▶ **What the exercise asks**
Retype the lines below exactly, but only those from the line that has "地址:海城市經(jīng)濟" through the line that has "Тут же кафе". Omit every picture.
Segment Start: Material shown
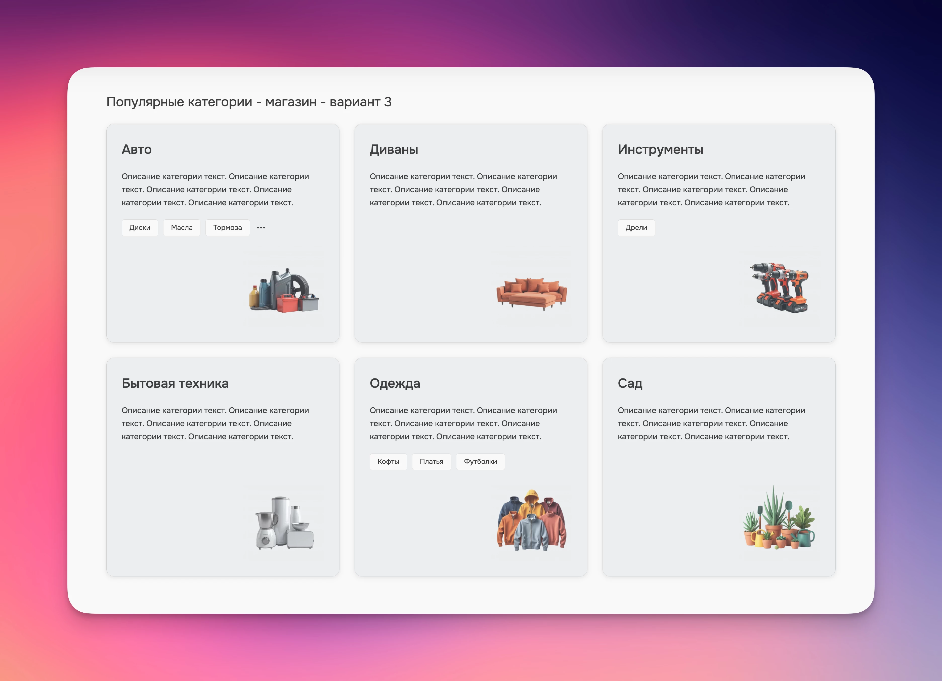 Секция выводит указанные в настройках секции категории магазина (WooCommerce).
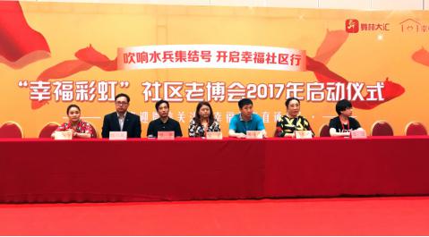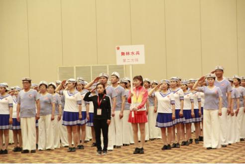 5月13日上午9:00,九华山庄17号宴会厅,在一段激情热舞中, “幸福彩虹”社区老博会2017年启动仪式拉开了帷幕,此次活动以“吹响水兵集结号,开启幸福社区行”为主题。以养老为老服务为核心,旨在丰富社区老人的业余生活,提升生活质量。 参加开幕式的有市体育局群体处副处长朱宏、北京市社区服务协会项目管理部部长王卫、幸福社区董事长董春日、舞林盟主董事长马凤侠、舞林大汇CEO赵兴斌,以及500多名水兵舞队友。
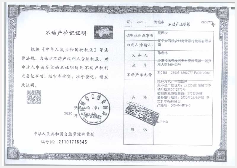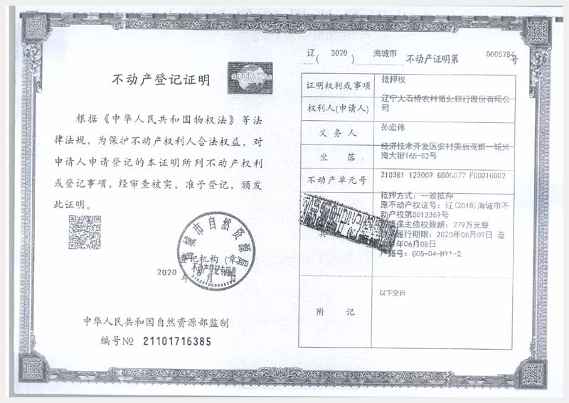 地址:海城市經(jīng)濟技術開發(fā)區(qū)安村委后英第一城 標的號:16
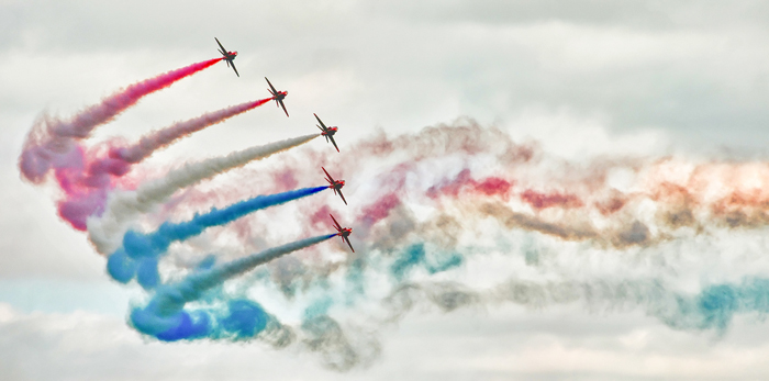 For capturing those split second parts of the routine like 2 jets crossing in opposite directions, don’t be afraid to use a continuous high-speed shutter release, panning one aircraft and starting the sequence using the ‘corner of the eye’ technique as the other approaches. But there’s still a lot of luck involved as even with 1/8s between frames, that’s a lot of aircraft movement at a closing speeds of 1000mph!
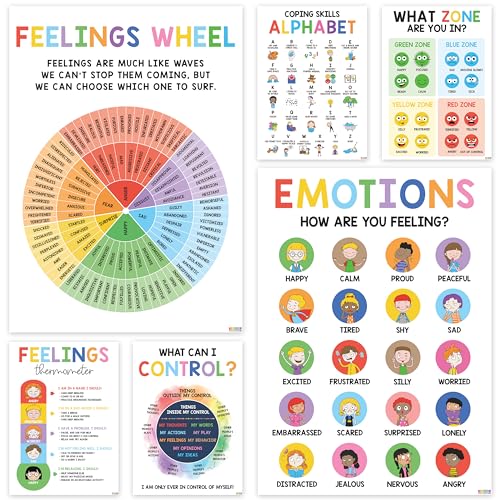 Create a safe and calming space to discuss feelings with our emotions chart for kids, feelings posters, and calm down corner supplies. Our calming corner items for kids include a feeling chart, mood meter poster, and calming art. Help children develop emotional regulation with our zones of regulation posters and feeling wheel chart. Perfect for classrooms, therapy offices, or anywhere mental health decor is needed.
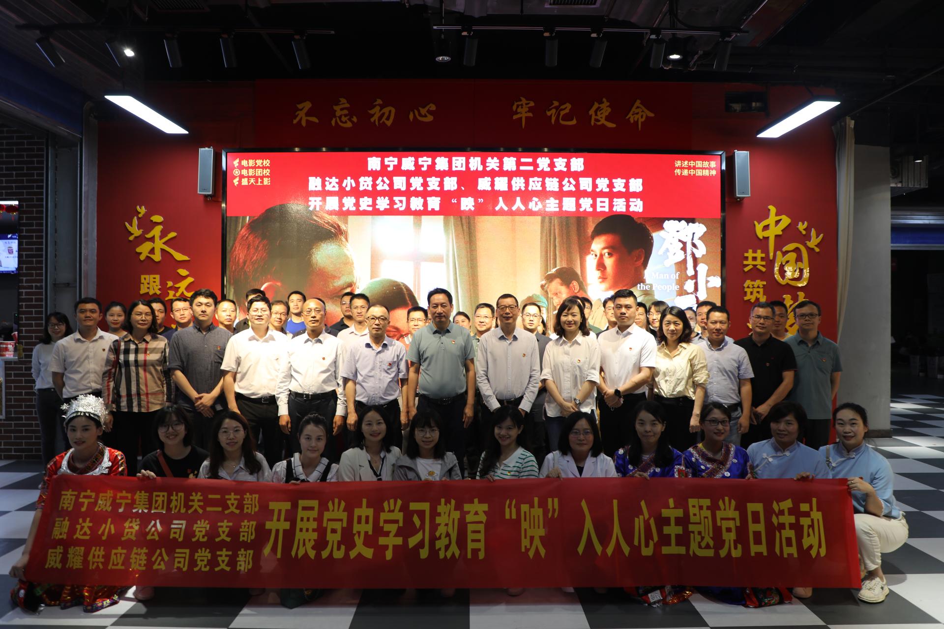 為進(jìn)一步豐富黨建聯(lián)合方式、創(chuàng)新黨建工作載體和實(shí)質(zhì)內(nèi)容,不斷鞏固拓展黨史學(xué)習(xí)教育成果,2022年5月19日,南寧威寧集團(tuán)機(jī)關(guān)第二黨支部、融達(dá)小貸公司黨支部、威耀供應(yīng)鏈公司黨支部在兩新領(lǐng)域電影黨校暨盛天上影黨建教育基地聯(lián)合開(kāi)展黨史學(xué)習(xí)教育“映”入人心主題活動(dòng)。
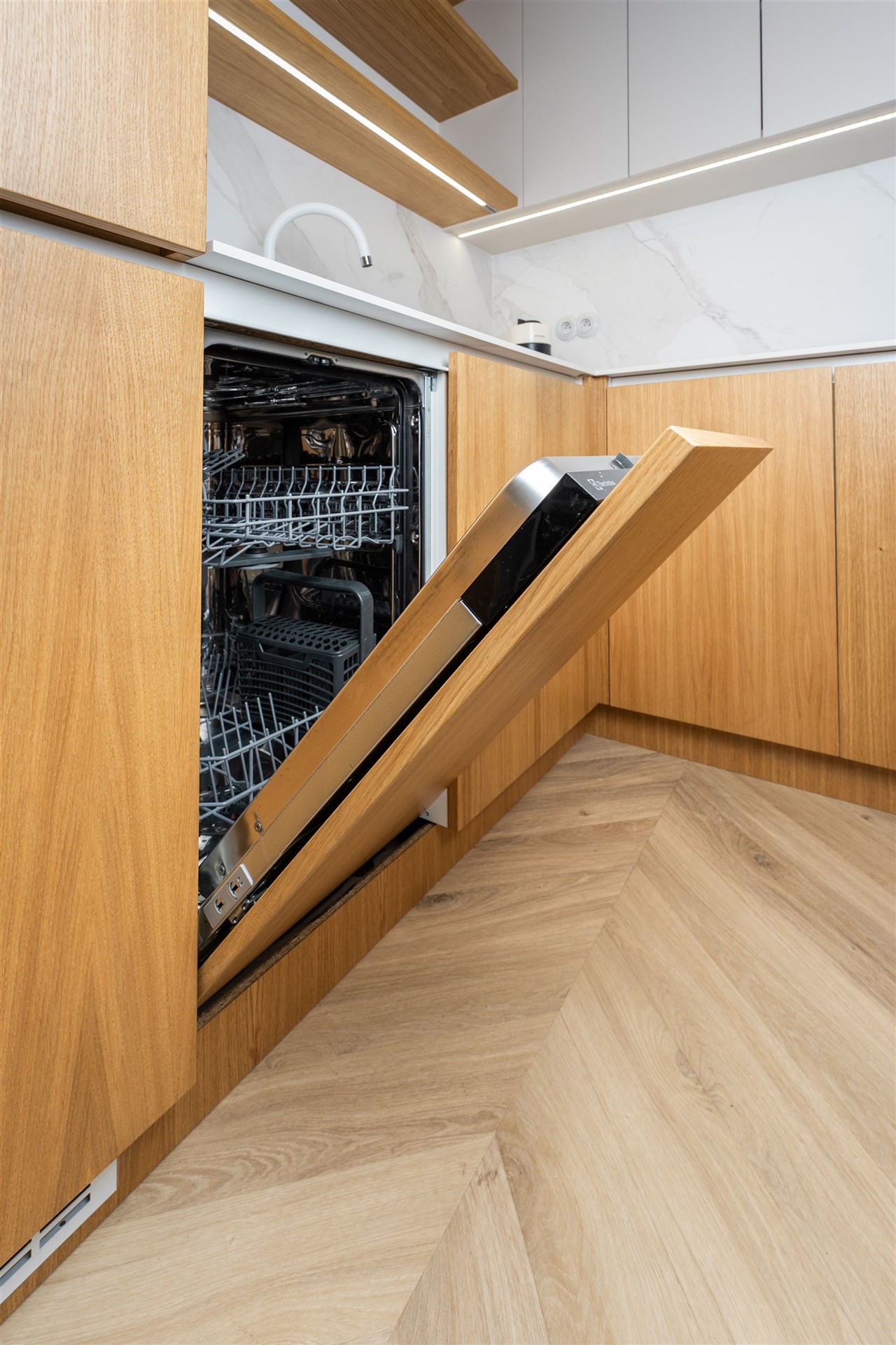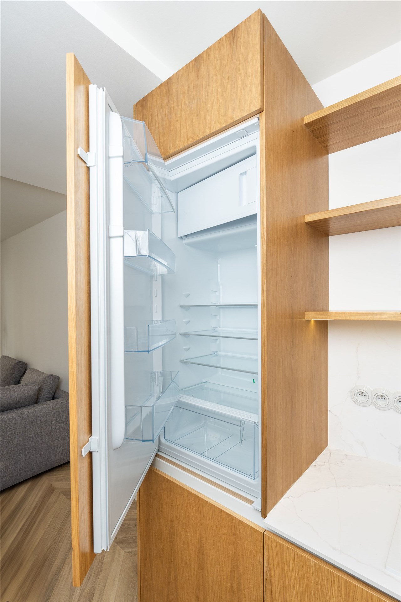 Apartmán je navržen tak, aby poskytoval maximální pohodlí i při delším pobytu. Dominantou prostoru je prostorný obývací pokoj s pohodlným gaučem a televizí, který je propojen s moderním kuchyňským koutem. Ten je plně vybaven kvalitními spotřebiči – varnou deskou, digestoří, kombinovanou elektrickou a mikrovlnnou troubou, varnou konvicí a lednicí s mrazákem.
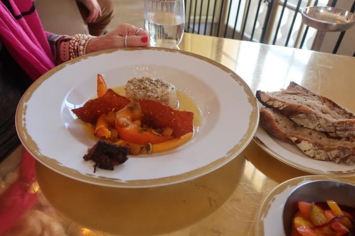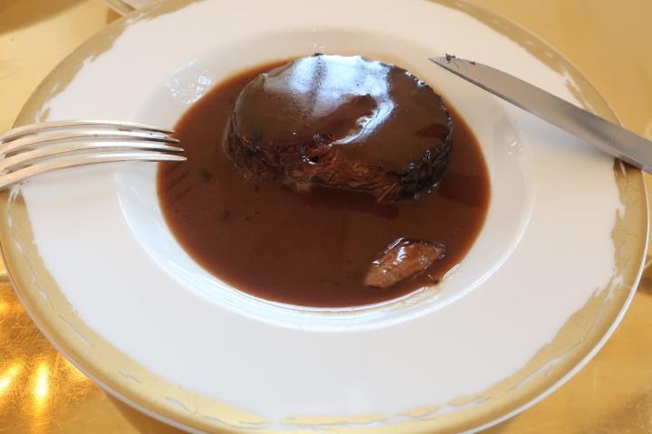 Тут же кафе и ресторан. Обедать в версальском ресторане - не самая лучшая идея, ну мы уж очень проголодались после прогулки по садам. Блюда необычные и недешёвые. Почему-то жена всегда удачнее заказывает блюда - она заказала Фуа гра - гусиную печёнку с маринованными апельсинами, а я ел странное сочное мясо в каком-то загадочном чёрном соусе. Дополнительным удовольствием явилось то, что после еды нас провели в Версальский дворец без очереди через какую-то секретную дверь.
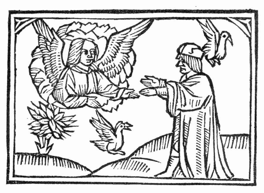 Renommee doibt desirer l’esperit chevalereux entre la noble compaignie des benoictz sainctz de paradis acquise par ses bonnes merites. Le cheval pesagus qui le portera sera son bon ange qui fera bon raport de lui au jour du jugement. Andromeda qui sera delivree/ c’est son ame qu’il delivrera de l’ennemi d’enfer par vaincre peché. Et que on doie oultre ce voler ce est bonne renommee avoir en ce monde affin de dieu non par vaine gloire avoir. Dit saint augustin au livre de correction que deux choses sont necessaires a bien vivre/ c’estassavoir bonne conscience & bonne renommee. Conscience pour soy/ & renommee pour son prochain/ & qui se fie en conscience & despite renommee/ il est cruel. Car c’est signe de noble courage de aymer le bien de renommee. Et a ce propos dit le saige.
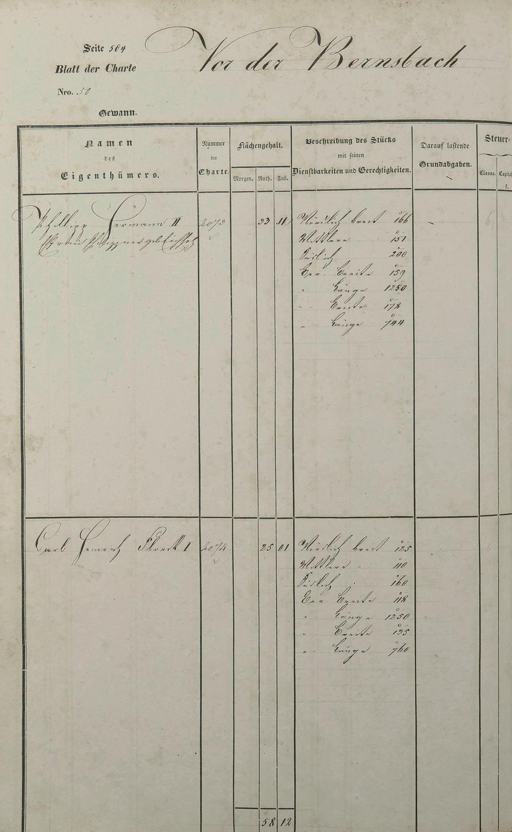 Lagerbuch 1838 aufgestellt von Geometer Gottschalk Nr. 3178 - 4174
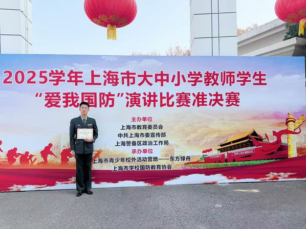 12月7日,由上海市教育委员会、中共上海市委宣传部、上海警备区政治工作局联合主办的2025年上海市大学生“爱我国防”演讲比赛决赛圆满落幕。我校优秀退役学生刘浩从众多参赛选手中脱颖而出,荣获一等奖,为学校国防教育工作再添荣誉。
Segment End: Material shown
▶ **Task answer**
 地址:海城市經(jīng)濟技術開發(fā)區(qū)安村委后英第一城 標的號:16
 For capturing those split second parts of the routine like 2 jets crossing in opposite directions, don’t be afraid to use a continuous high-speed shutter release, panning one aircraft and starting the sequence using the ‘corner of the eye’ technique as the other approaches. But there’s still a lot of luck involved as even with 1/8s between frames, that’s a lot of aircraft movement at a closing speeds of 1000mph!
 Create a safe and calming space to discuss feelings with our emotions chart for kids, feelings posters, and calm down corner supplies. Our calming corner items for kids include a feeling chart, mood meter poster, and calming art. Help children develop emotional regulation with our zones of regulation posters and feeling wheel chart. Perfect for classrooms, therapy offices, or anywhere mental health decor is needed.
 為進(jìn)一步豐富黨建聯(lián)合方式、創(chuàng)新黨建工作載體和實(shí)質(zhì)內(nèi)容,不斷鞏固拓展黨史學(xué)習(xí)教育成果,2022年5月19日,南寧威寧集團(tuán)機(jī)關(guān)第二黨支部、融達(dá)小貸公司黨支部、威耀供應(yīng)鏈公司黨支部在兩新領(lǐng)域電影黨校暨盛天上影黨建教育基地聯(lián)合開(kāi)展黨史學(xué)習(xí)教育“映”入人心主題活動(dòng)。
 Apartmán je navržen tak, aby poskytoval maximální pohodlí i při delším pobytu. Dominantou prostoru je prostorný obývací pokoj s pohodlným gaučem a televizí, který je propojen s moderním kuchyňským koutem. Ten je plně vybaven kvalitními spotřebiči – varnou deskou, digestoří, kombinovanou elektrickou a mikrovlnnou troubou, varnou konvicí a lednicí s mrazákem.
 Тут же кафе и ресторан. Обедать в версальском ресторане - не самая лучшая идея, ну мы уж очень проголодались после прогулки по садам. Блюда необычные и недешёвые. Почему-то жена всегда удачнее заказывает блюда - она заказала Фуа гра - гусиную печёнку с маринованными апельсинами, а я ел странное сочное мясо в каком-то загадочном чёрном соусе. Дополнительным удовольствием явилось то, что после еды нас провели в Версальский дворец без очереди через какую-то секретную дверь.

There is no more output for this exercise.